- Task brief
Nothing should appear in the answer except the lines from the one with "高能环境:前三季度营业收入114.51亿元,同比增长52.88%" through the end of the listing below, transcribed exactly and without pictures.

- Source material
────
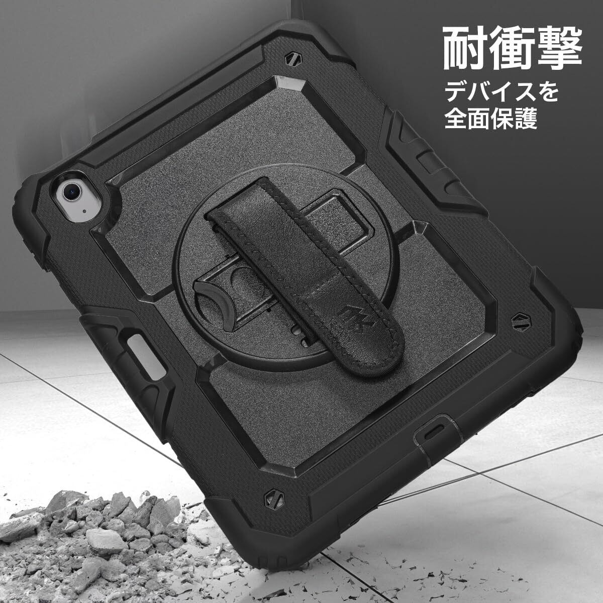 MS factory iPad Air 11インチ ケース M3 (2025) M2 (2024) 用 耐衝撃 保護フィルム付き ペン収納 アイパッドエアー カバー キッズ 頑丈 ショルダー ハンドストラップ 360°回転 スタンド ブラック 黒 IPDA11m2-SHOCK-BK
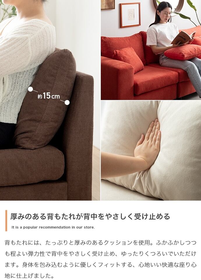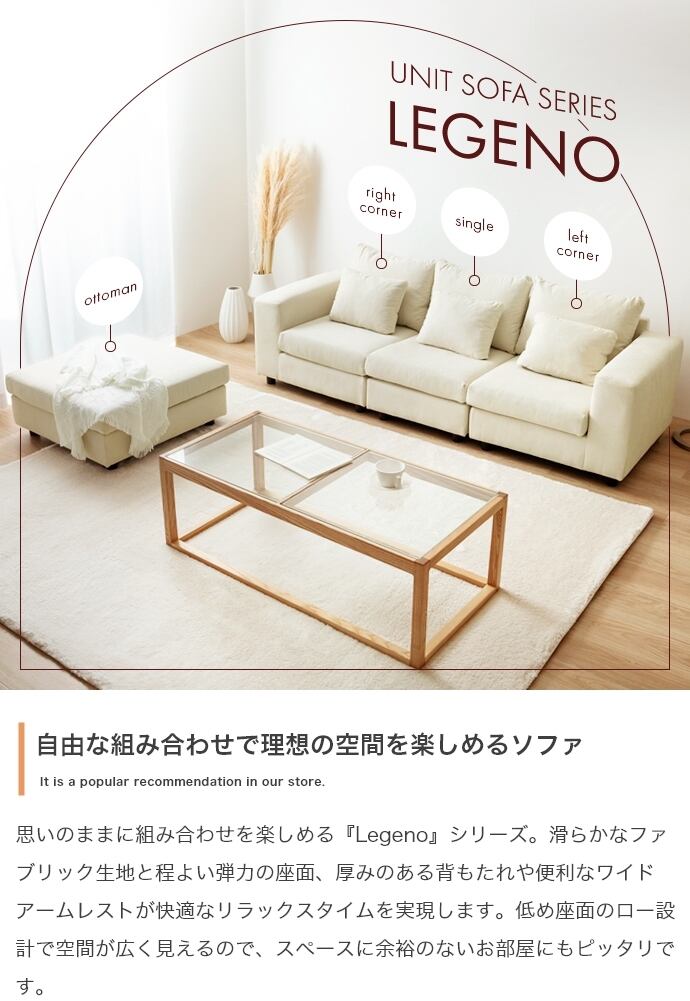理想の空間を自由に楽しめる『Legeno(レゲノ)』シリーズ。お部屋の間取りやシーンに合わせて自由自在な組み替えが可能。滑らかなファブリック生地とふかふかの座面、厚みのある背もたれや便利なワイドアームレストが快適なリラックスタイムを実現します。ロータイプでお部屋を広く見せられるので、一人暮らしの方やワンルームにお住まいの方にもおすすめです。
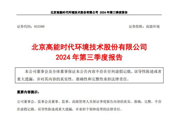 高能环境:前三季度营业收入114.51亿元,同比增长52.88%
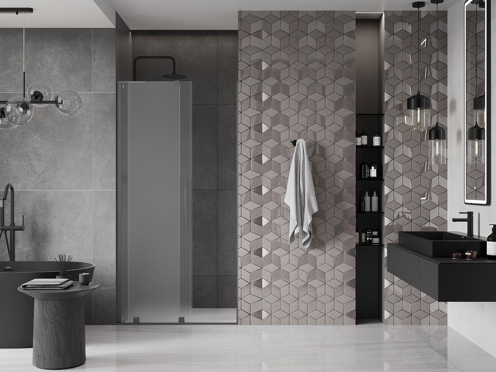 Praktický a pohodlný držák je vyroben z nerezové oceli. Moderní tvar ve spojení s povrchovou úpravou sladěnou s barvou profilů dodává celku moderní a stylový vzhled, zdůrazňující estetiku každé koupelny.
────
- Task result
 高能环境:前三季度营业收入114.51亿元,同比增长52.88%
 Praktický a pohodlný držák je vyroben z nerezové oceli. Moderní tvar ve spojení s povrchovou úpravou sladěnou s barvou profilů dodává celku moderní a stylový vzhled, zdůrazňující estetiku každé koupelny.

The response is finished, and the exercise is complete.